The loop should look something like this:
...
// black boxing subjectives for portability, maintenance, and readability
bool is_whitespace(char);
bool is_comma(char);
// true if the character is allowed in the current context
bool is_legal_char(char);
...
volatile bool executing = true;
// previous character (only updated at loop start, line #LL)

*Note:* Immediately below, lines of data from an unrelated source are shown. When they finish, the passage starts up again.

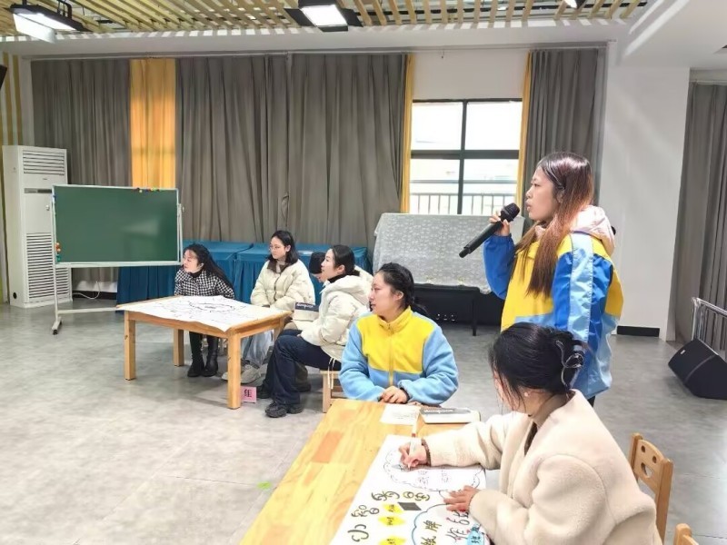 活动以“问题引领—理论学习—深度探究—动手实践—梳理提升”为脉络有序展开。活动伊始,趣味破冰游戏“数字炸弹”点燃全场氛围,紧接着进入理论学习环节,随后,南溪区北城幼儿园教务主任董文学抛出“区域活动中数学游戏的开展与面临的挑战”这一核心议题,引发教师们分组热烈讨论,积极分享。在深度探究环节,该园教师们分小组围绕“区域数学游戏的设计”展开研讨,在思维碰撞中迸发诸多精彩观点与创意。各小组还结合研讨成果现场设计并展示了富有创意的区域数学游戏案例,在动手实践中切实提升了游戏设计与组织能力。最后,各组互评、梳理总结,提炼出可落地的实践策略,为后续开展区域数学游戏活动指明了方向。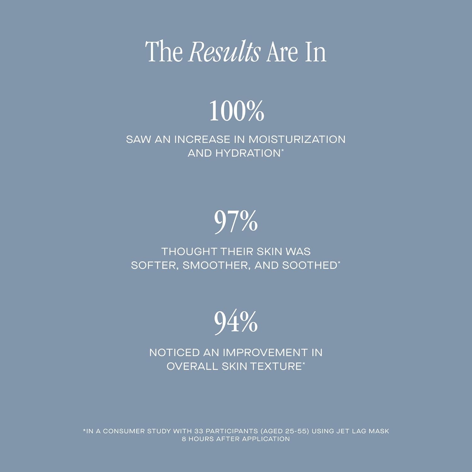 - The Results Are In - In a consumer study with 33 participants aged 25-55, 100% of participants saw an increase in moisturization and hydration 8 hours after application of Jet Lag Mask.*
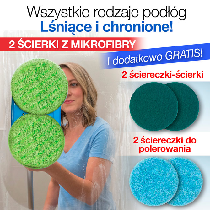 Złóż zamówienie już teraz i otrzymaj niesamowity mop obrotowy Duo Spinner z dwoma ściereczkami z mikrofibry po atrakcyjnej cenie.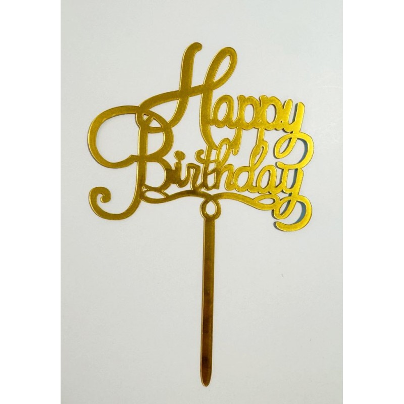 Топпер "Happy birthday” №23 золото, акриловий пластик.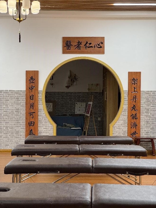 义诊活动在南师附小内的中医馆内进行,馆内各种诊疗设施齐全,诊疗床干净整洁,学生们自制的中医药知识海报琳琅满目,中医氛围浓厚,展现了学校师生对中医药文化的浓厚兴趣。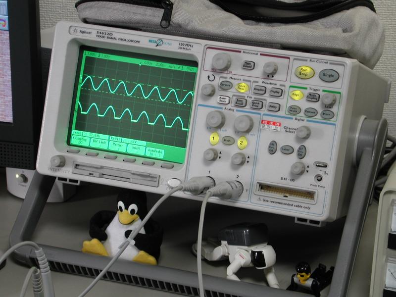 事務所に アジレントの 54622D (100MHz)届く。 オリックス・レンテックからのレンタル品。 1ヵ月で 58,900円+運送料+消費税。 仕事で使うのでお金も使える。 驚いたのは対応の速さ。 レンタルを申し込んだのは、 月曜日到着した基板をチェックした後。 夕方、ホームページで申し込むと、 すぐに反応があり、今朝 9時すぎには届いてしまった。 凄いなぁ。 ちなみに 先日借りていたのは 54641D (350MHz)で評価用に5日間ほど。 さぁ、この1ヵ月でバリバリ開発を進めるぞぉ。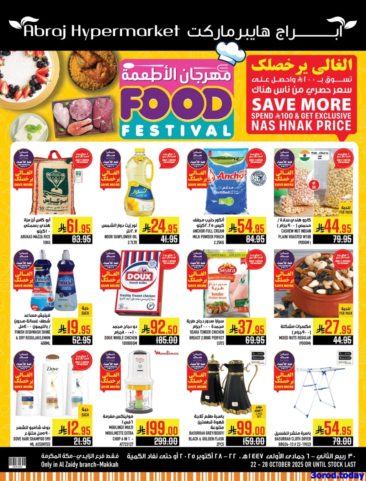 عروض أبراج هايبر ماركت الأسبوعية الأربعاء 30 ربيع الآخر 1447هـ تحتوي على تخفيضات خاصة بالأجهزة المنزلية مثل أفران الطبخ الذكية وأجهزة تحضير القهوة وأجهزة العصائر والخلاطات المتعددة و تشمل المخبوزات الطازجة والعصائر الطبيعية والفواكه والخضروات والعسل الطبيعي والقهوة والشاي والمشروبات والمعلبات والصلصات الجاهزة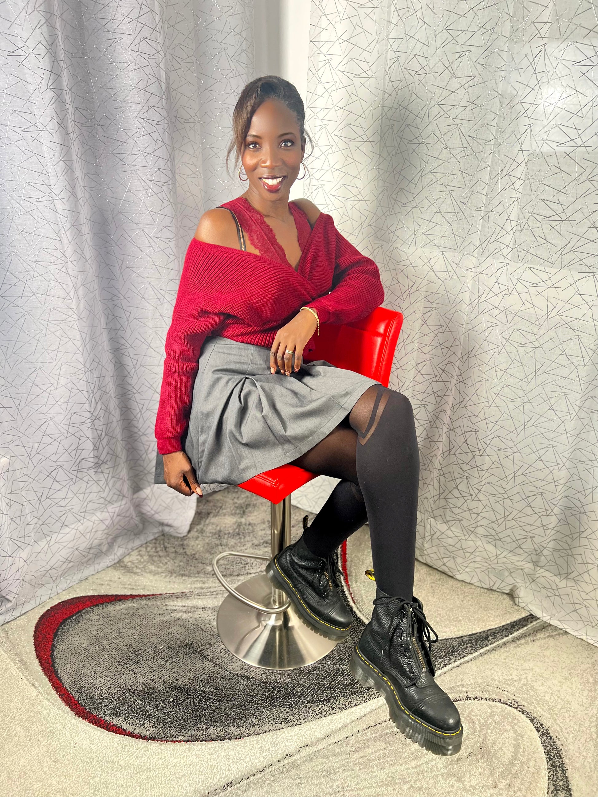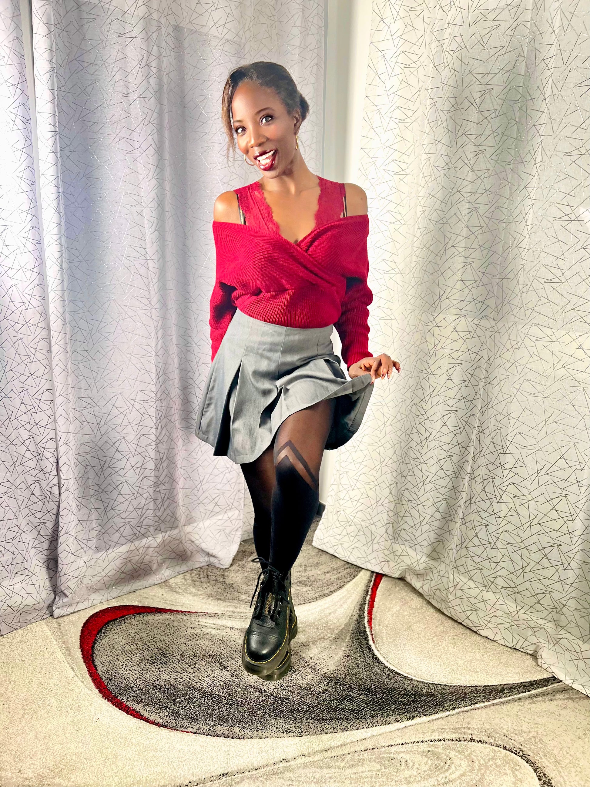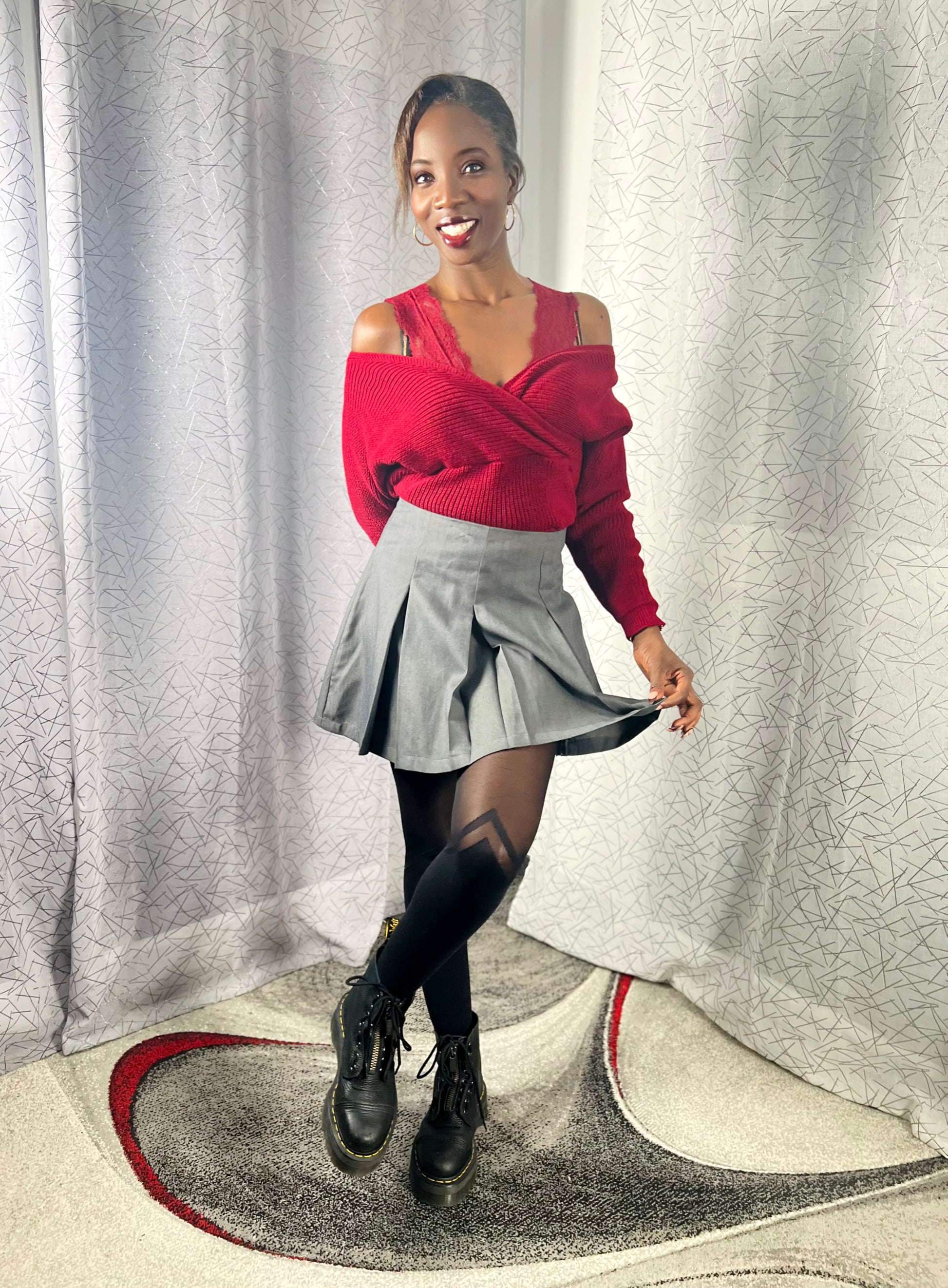 Voici notre pull Sofia en maille bordeaux à manches longues avec un decolleté en dentelle assortie.

char previous = CHAR_NULL;
// current character (only updated at loop start, line #LL)
char current = CHAR_NULL;
// writes to out if true at end of current iteration; doesn't write otherwise
bool write = false;
// COMMA: the start was a comma/delimeter
// CHAR_IN_ALPHABET: the start was a character in the current context's input alphabet
enum { COMMA=0, CHAR_IN_ALPHABET } comma_or_char = COMMA;
// current character index (only updated at loop end, line #LL)
uint64_t i = 0, j = 0;
while(executing) {
previous = current;
current = in[i];
if (!current) {
executing = false;
break;
}
switch(execution_state) {
case DEFAULT:
if (is_comma(previous) && is_whitespace(current)) {
execution_state = WHITESPACE_CHAIN;
write = false;
comma_or_char = COMMA;
} else if (is_whitespace(current) && is_legal_char(previous)) { // whitespace check first for short circuiting
execution_state = WHITESPACE_CHAIN;
write = false;
comma_or_char = CHAR_IN_ALPHABET;
}
break;
case WHITESPACE_CHAIN:
switch(comma_or_char) {
case COMMA:
if (is_whitespace(previous) && is_legal_char(current)) {
execution_state = DEFAULT;
write = true;
} else if (is_whitespace(previous) && is_comma(current)) {
execution_state = DEFAULT;
write = true;
} else {
// illegal condition: logic error, unstable environment, or SEU
executing = true;
out = NULL;
goto function_exit;
}
break;
case CHAR_IN_ALPHABET:
if (is_whitespace(previous) && is_comma(current) {
execution_state = DEFAULT;
write = true;
} else if (is_whitespace(previous) && is_legal_char(current)) {
// abort: within valid input string/token
execution_state = DEFAULT;
write = true;
// make sure to write all the elements we skipped;
// function should update the value of j when finished
write_skipped(in, out, &i, &j);
} else {
// illegal condition: logic error, unstable environment, or SEU
executing = true;
out = NULL;
goto function_exit;
}
break;
default:
// impossible condition: unstable environment or SEU
executing = true;
out = NULL;
goto function_exit;
}
break;
default:
// impossible condition: unstable environment or SEU
executing = true;
out = NULL;
goto function_exit;
}
if (write) {
out[j] = current;
++j;
}
++i;
}
if (executing) {
// memory error: unstable environment or SEU
out = NULL;
} else {
// execution successful
goto function_exit;
}
// end of function
Please kindly also use the word whitespace to describe these characters as that is what they are commonly known as, not "white chars".